## [Your goal]
Copy out exactly, from the entries that follow, the line holding "ミッション 排気量 |", the line holding "El abordaje de", and all lines between them, but no pictures.

──────── Material for this task ────────

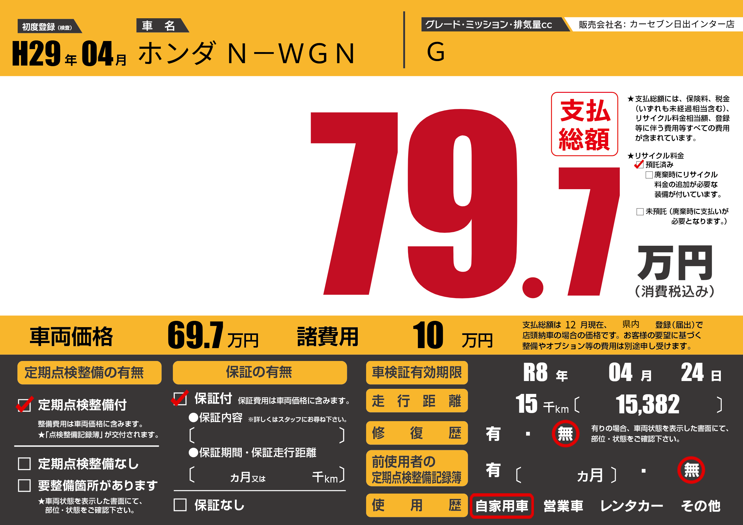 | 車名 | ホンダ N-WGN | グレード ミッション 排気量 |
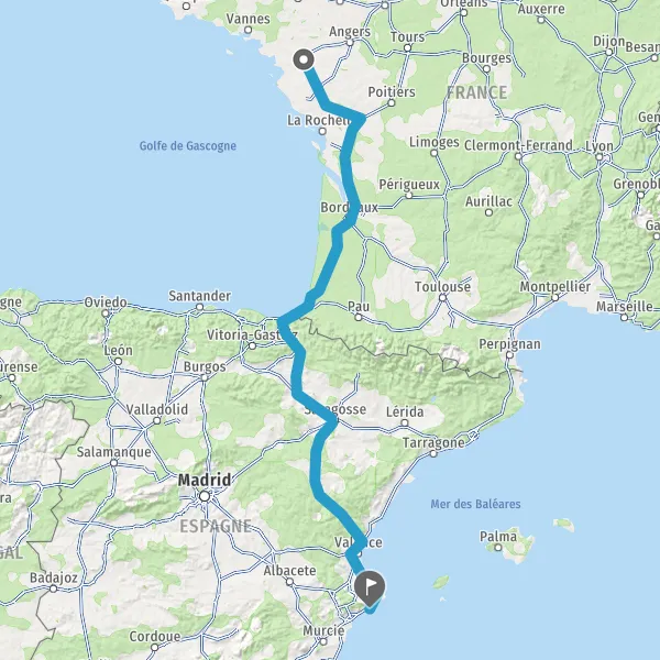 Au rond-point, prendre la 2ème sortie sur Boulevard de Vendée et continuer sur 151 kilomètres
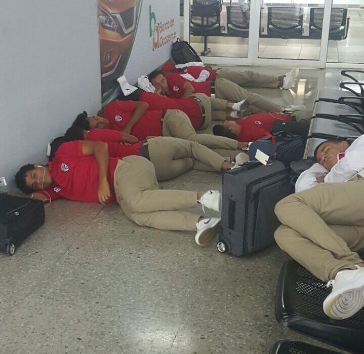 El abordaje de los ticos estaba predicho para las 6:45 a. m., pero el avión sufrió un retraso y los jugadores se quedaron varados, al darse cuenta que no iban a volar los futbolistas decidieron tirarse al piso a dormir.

────────
──────── Material for this task ────────

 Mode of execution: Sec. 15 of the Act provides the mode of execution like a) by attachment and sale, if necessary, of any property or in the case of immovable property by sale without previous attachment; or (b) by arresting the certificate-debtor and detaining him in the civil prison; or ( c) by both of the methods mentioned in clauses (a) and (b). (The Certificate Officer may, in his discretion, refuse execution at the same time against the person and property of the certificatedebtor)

────────

## [Solution for this exercise]
 | 車名 | ホンダ N-WGN | グレード ミッション 排気量 |
 Au rond-point, prendre la 2ème sortie sur Boulevard de Vendée et continuer sur 151 kilomètres
 El abordaje de los ticos estaba predicho para las 6:45 a. m., pero el avión sufrió un retraso y los jugadores se quedaron varados, al darse cuenta que no iban a volar los futbolistas decidieron tirarse al piso a dormir.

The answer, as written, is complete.